A node typically includes CPU, memory, and some kind of disk. However, a node can also be a blade CPU and memory that rely on nearby storage within a rack.
Within a big data environment, these nodes are typically clustered together to provide scale. For example, you might start out with a big data analysis and continue to add more data sources. To accommodate the growth, an organization simply adds more nodes into a cluster so that it can scale out to accommodate growing requirements.
However, it isn’t enough to simply expand the number of nodes in the cluster. Rather, it is important to be able to send part of the big data analysis to different physical environments. Where you send these tasks and how you manage them makes the difference between success and failure.
In some complex situations, you may want to execute many different algorithms in parallel, even within the same cluster, to achieve the speed of analysis required.

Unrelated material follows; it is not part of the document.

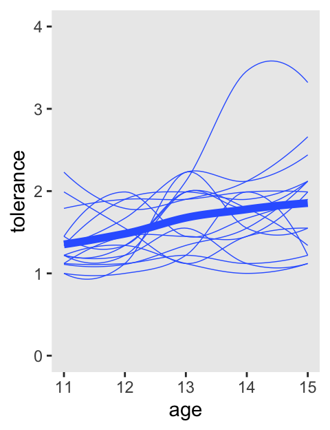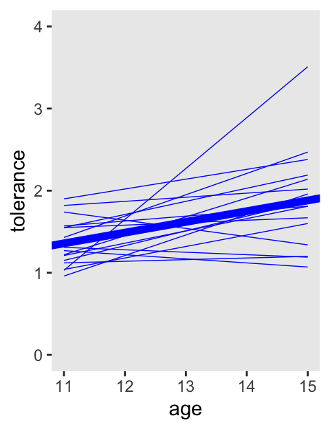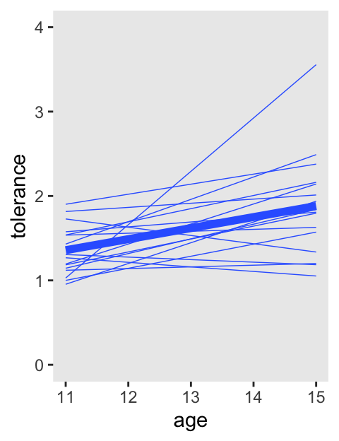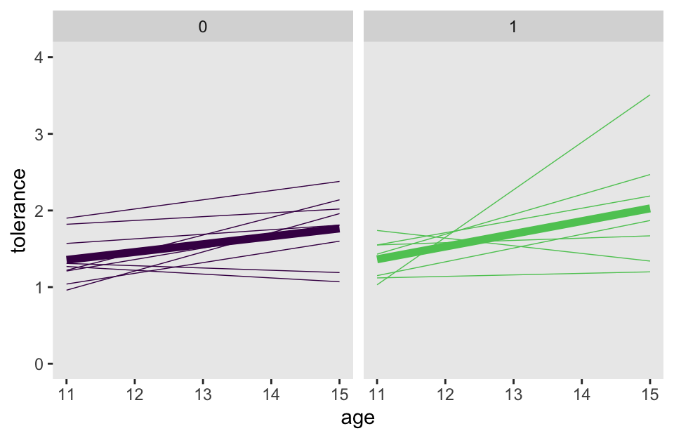 tol_fitted_male <-tibble(male =rep(0:1, each =2),age =rep(c(11, 15), times =2)) %>%mutate(time = age -11) %>%mutate(tolerance =fixef(fit2.4)[1, 1] +fixef(fit2.4)[2, 1] * time +fixef(fit2.4)[3, 1] * male +fixef(fit2.4)[4, 1] * time * male)tol_fitted_male
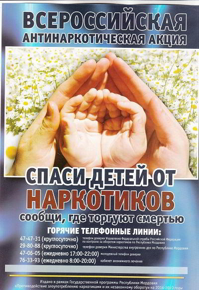 С 16 по 21 ноября 2015 года на территории Республики Мордовия проводился второй этап Всероссийской акции "Сообщи, где торгуют смертью", направленный на повышение сознательности граждан в вопросах противодействия распространению наркомании.

Why would you execute different big data algorithms in parallel within the same rack? The closer together the distributions of functions are, the faster they can execute.
Although it is possible to distribute big data analysis across networks to take advantage of available capacity, you must do this type of distribution based on requirements for performance. In some situations, the speed of processing takes a back seat. However, in other situations, getting results fast is the requirement. In this situation, you want to make sure that the networking functions are in close proximity to each other.
In general, the big data environment has to be optimized for the type of analytics task. Therefore, scalability is the lynchpin of making big data operate successfully. Although it would be theoretically possible to operate a big data environment within a single large environment, it is not practical.
To understand the needs for scalability in big data, one only has to look at cloud scalability and understand both the requirements and the approach. Like cloud computing, big data requires the inclusion of fast networks and inexpensive clusters of hardware that can be combined in racks to increase performance. These clusters are supported by software automation that enables dynamic scaling and load balancing.
The design and implementations of MapReduce are excellent examples of how distributed computing can make big data operationally visible and affordable. In essence, companies are at one of the unique turning points in computing where technology concepts come together at the right time to solve the right problems. Combining distributed computing, improved hardware systems, and practical solutions such as MapReduce and Hadoop is changing data management in profound ways.